• What you will do: Beginning with the line containing "Flat Plug Extension" and ending at the last line of the data, set down every line exactly, leaving out all pictures.

• Data:

[Start of Attachment]

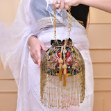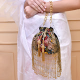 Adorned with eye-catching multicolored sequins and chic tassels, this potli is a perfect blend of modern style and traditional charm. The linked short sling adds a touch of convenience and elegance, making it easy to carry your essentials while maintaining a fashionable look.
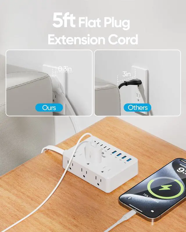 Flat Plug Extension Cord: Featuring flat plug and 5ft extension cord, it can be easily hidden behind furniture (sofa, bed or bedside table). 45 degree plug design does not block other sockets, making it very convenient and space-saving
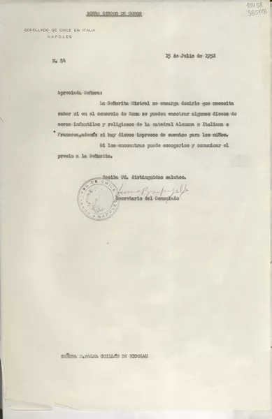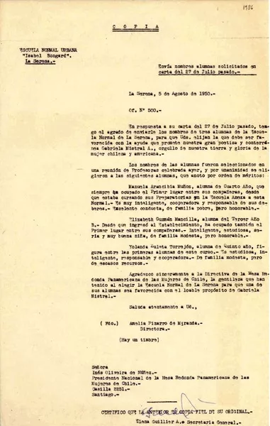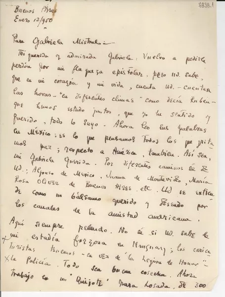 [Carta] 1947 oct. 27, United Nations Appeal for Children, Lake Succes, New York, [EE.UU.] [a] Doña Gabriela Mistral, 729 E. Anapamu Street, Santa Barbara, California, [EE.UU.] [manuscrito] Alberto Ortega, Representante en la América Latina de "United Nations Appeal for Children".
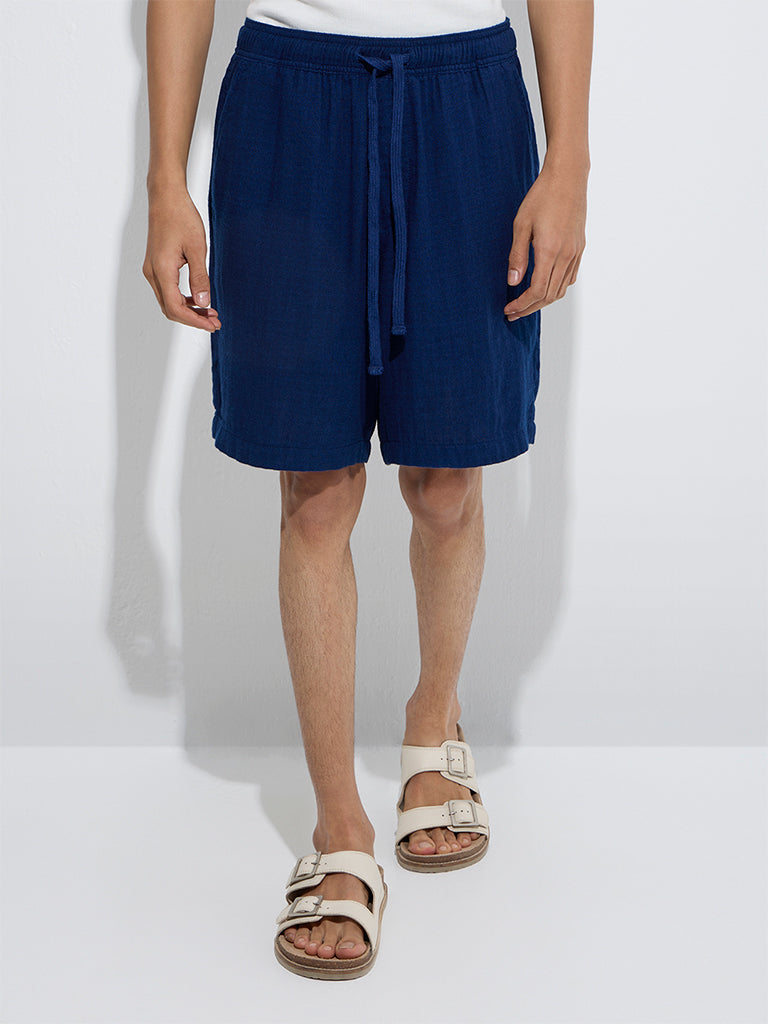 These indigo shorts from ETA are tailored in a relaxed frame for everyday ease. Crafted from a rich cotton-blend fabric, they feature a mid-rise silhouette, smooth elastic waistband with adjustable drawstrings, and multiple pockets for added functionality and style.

[End of Attachment]

• Exercise result:
 Flat Plug Extension Cord: Featuring flat plug and 5ft extension cord, it can be easily hidden behind furniture (sofa, bed or bedside table). 45 degree plug design does not block other sockets, making it very convenient and space-saving
 [Carta] 1947 oct. 27, United Nations Appeal for Children, Lake Succes, New York, [EE.UU.] [a] Doña Gabriela Mistral, 729 E. Anapamu Street, Santa Barbara, California, [EE.UU.] [manuscrito] Alberto Ortega, Representante en la América Latina de "United Nations Appeal for Children".
 These indigo shorts from ETA are tailored in a relaxed frame for everyday ease. Crafted from a rich cotton-blend fabric, they feature a mid-rise silhouette, smooth elastic waistband with adjustable drawstrings, and multiple pockets for added functionality and style.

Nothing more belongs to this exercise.